▶ _Problem statement_
Output exactly the lines of the listing below that run from the line with "Der Blick durch" through the line with "What Works with Hughesnet is". No pictures.
** Data section follows **
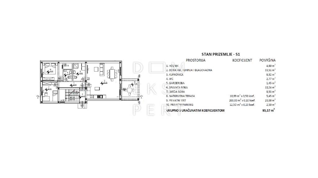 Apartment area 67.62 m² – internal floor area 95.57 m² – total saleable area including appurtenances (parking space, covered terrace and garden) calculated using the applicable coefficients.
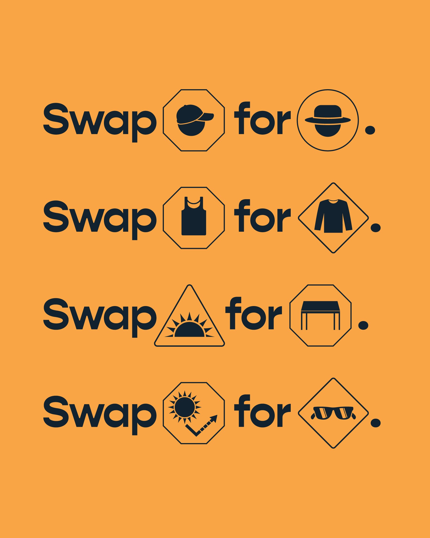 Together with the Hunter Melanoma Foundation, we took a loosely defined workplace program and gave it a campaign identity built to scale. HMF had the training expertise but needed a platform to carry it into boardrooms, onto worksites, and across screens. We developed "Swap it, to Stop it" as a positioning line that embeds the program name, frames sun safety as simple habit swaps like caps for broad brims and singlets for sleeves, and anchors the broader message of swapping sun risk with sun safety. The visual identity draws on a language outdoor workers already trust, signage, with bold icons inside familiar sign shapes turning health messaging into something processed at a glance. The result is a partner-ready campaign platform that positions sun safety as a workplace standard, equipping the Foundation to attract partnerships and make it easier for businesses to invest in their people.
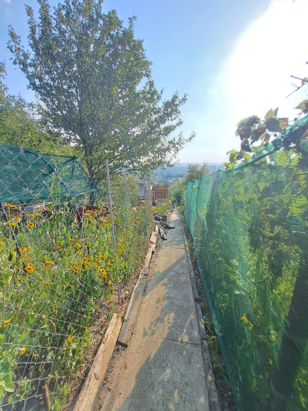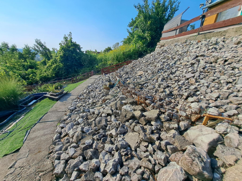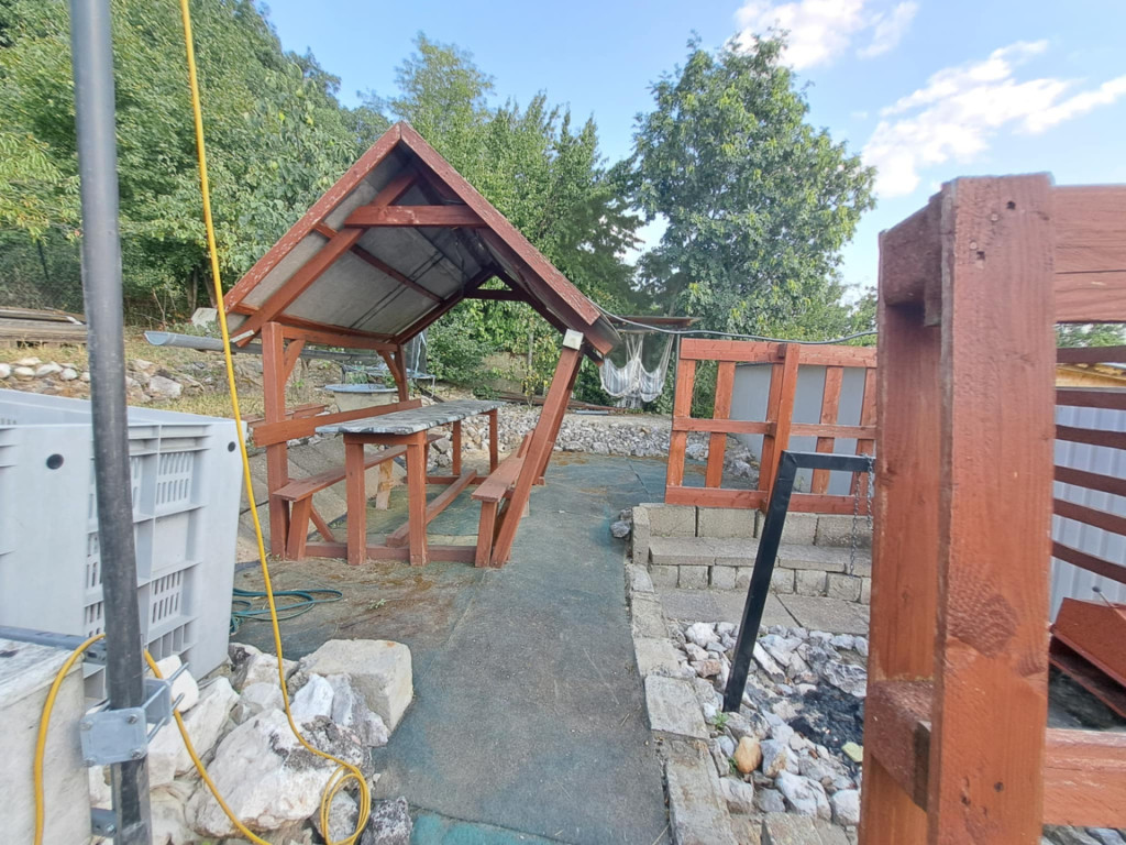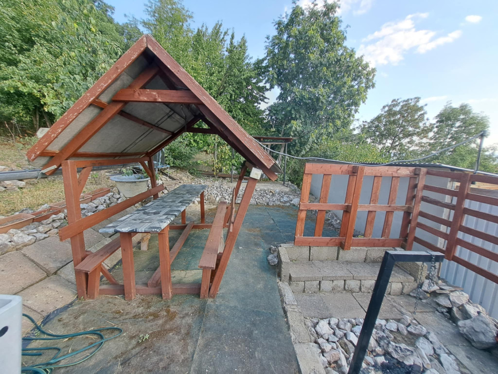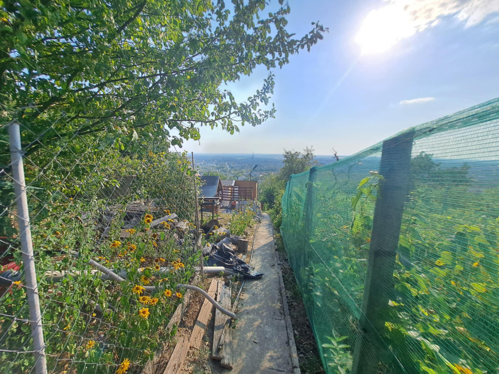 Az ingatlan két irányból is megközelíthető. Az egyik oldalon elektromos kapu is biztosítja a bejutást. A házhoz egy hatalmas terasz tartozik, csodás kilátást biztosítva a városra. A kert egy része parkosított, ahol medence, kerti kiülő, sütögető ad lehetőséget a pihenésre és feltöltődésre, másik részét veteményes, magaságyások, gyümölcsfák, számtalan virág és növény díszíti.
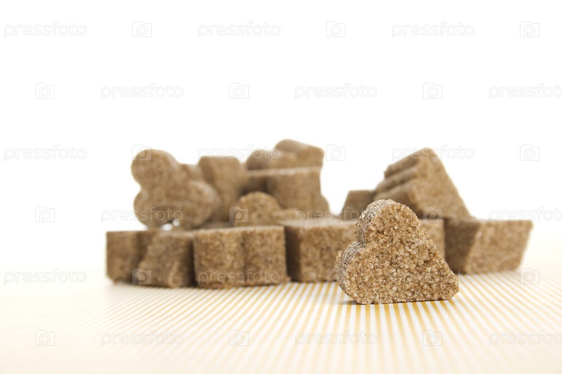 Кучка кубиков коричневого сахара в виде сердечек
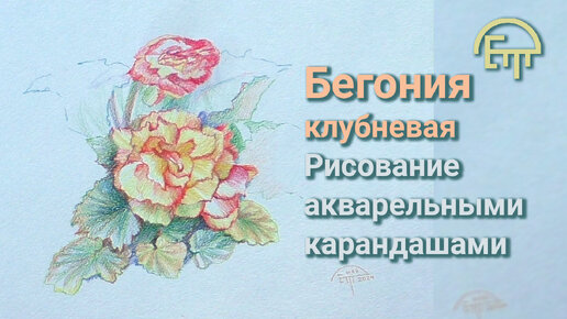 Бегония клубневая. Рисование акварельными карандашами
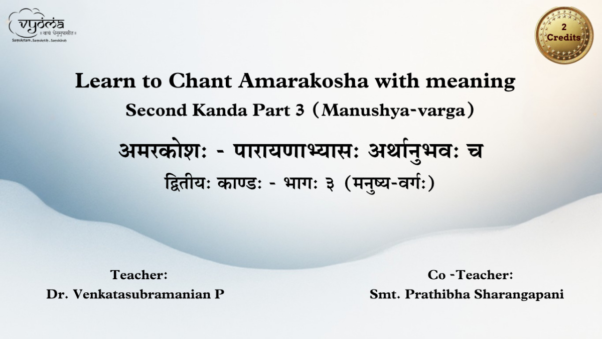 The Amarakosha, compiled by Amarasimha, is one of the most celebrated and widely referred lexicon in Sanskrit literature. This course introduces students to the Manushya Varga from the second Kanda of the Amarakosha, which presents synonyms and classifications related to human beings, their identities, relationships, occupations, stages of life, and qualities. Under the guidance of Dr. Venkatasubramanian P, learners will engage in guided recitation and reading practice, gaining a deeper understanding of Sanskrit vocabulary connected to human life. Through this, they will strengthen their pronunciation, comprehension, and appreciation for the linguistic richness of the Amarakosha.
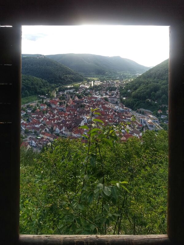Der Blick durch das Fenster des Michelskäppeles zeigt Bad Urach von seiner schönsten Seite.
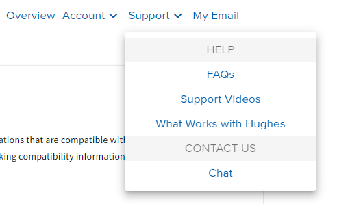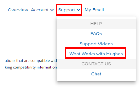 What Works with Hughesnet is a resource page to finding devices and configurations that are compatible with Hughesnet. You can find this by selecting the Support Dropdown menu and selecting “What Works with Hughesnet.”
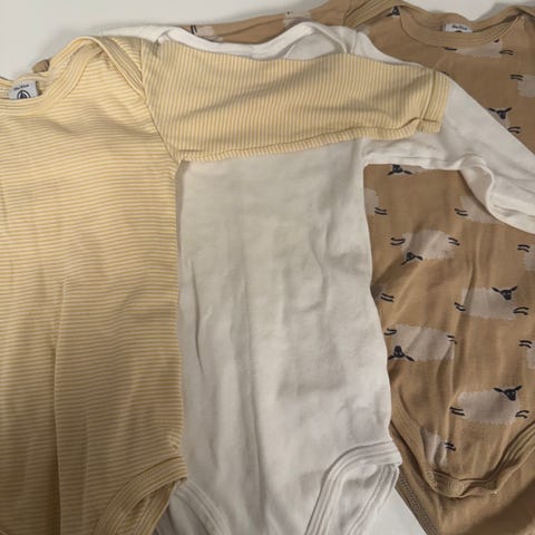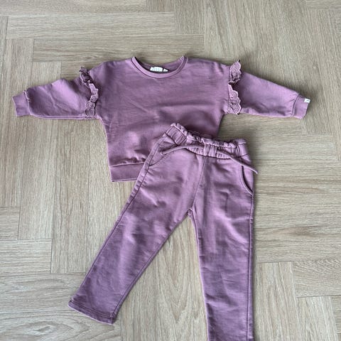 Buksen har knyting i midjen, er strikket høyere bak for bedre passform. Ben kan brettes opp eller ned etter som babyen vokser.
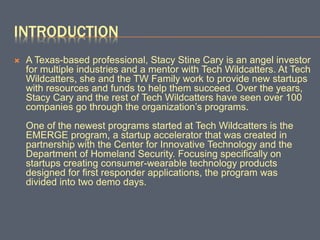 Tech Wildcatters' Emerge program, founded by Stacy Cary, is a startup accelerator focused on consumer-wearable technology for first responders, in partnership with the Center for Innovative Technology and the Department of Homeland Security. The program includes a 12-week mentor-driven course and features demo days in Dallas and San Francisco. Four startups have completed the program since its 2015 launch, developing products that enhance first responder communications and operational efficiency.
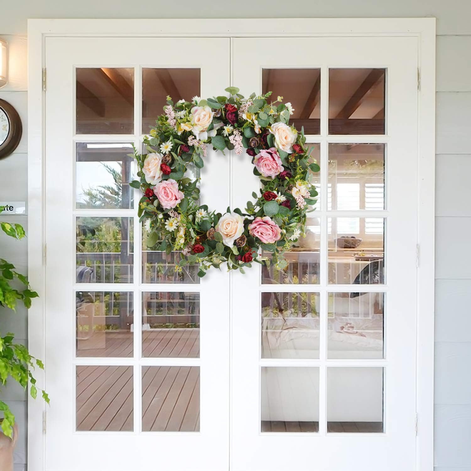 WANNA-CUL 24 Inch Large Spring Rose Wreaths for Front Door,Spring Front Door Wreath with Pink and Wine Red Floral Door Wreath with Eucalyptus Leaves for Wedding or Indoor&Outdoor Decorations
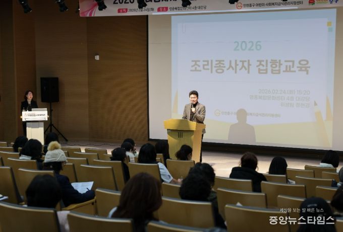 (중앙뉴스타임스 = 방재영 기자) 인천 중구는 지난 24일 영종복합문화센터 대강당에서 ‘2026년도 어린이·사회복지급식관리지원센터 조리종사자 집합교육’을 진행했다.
** End of Data section **
▶ _Response to this task_
Der Blick durch das Fenster des Michelskäppeles zeigt Bad Urach von seiner schönsten Seite.
 What Works with Hughesnet is a resource page to finding devices and configurations that are compatible with Hughesnet. You can find this by selecting the Support Dropdown menu and selecting “What Works with Hughesnet.”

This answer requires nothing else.